Mr. Obama's budget fills in the details of how he prefers to meet 2013 caps in "discretionary" spending—the spending that is approved annually by Congress—that were set in an agreement the White House and congressional Republicans reached last summer.

At the same time, he proposed a number of new programs that the White House describes as "mandatory" spending, which wouldn't be subject to the caps. These included $2.7bn for a new community college program, $1.8bn to make homes more energy efficient and $6 billion to modernize schools.

White House officials said the president's budget would reduce the deficit by $3trn over 10 years through a combination of the new taxes, modest changes to health-care programs such as Medicare and Medicaid and other spending cuts.

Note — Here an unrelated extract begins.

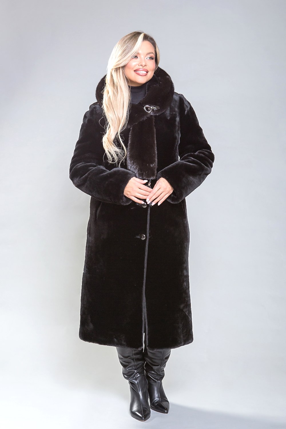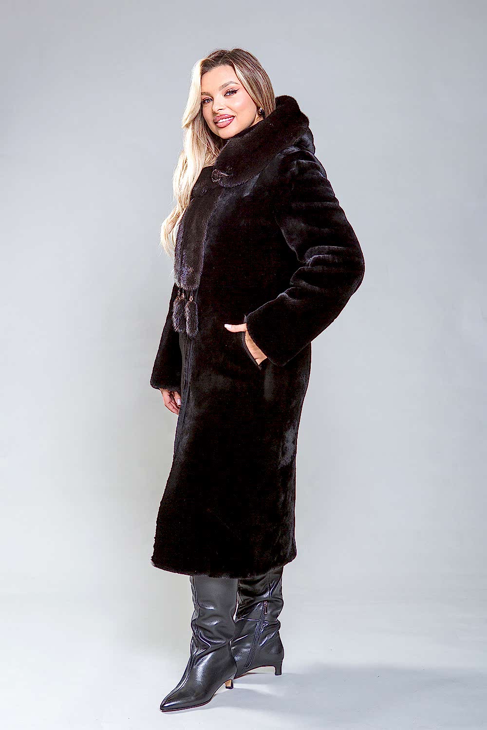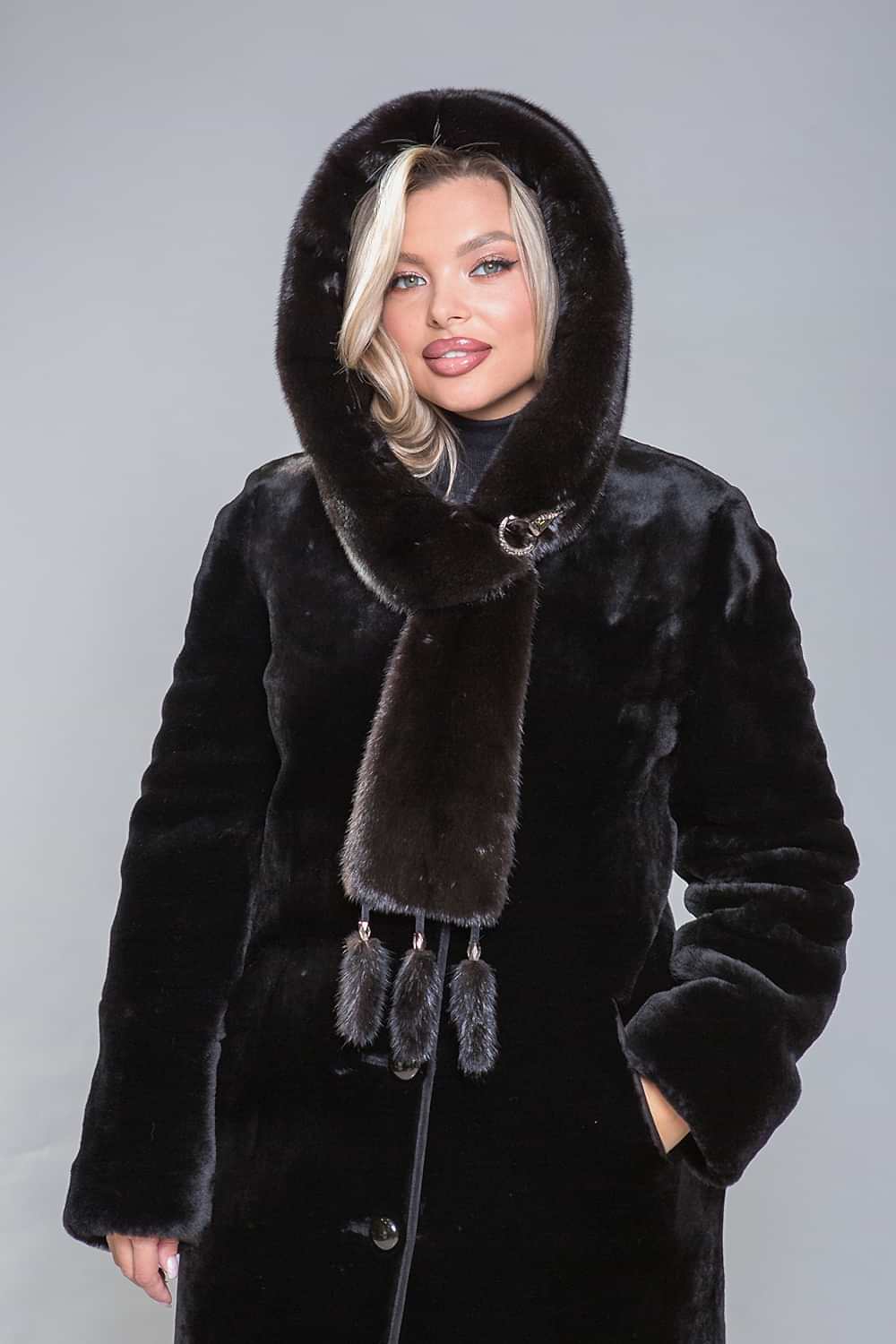 Полупальто из высококачественной овчины. Капюшон украшен роскошной норкой и фиксируется элегантной клипсой. Модель застёгивается на пуговицы и имеет длину 115 см. Карманы и боковые швы сделаны из натуральной замши. Универсальное решение! Модные эксперты утверждают, что классический крой шубы идеально подходит для любой фигуры, подчёркивая изящество и утончённый стиль.
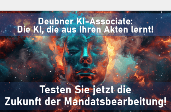 Die KI, die aus Ihren Akten lernt: Der Deubner KI-Associate revolutioniert die juristische Arbeit: er analysiert komplexe Mandate, denkt juristisch und erstellt Schriftsätze auf höchstem Niveau – effizient, sicher und individuell.

That would be in addition to a $1trn deficit-reduction agreement they reached with Republicans last year, which capped future spending on a range of annually appropriated programs.

Mr. Obama's proposed spending cuts touch agencies across the federal government. They include reducing mail delivery by the U.S. Post Office to five days a week, giving the Treasury Department the authority to rethink the way pennies and nickels are coined to save costs and new restraints on military veteran benefits.

Still, the proposal projects Mr. Obama will miss his initial deficit-reduction targets. Instead of bringing the deficit under control by 2014, as the White House had planned, the administration now says significant reductions won't take place until 2018.

In addition to cuts, the budget includes $137bn in spending proposals designed to spur economic growth by funding education and transportation projects. It also proposes continuing through December a tax break for businesses to encourage investment.

The budget would boost spending in some areas that fit with Mr. Obama's political agenda. He proposes increases for the Securities and Exchange Commission and the Commodity Futures Trading Commission, two financial regulators that have come under fire after recent Wall Street mishaps. Mr. Obama also proposed $26m for a new Interagency Trade Enforcement Center, which he created to challenge unfair trade practices around the world but is mainly targeted at China.

"The budget that we're releasing today is a reflection of shared responsibility," Mr. Obama said in his remarks in Virginia on Monday. "And some people go around; they say, 'Well, the president is engaging in class warfare.' That's not class warfare; that's common sense."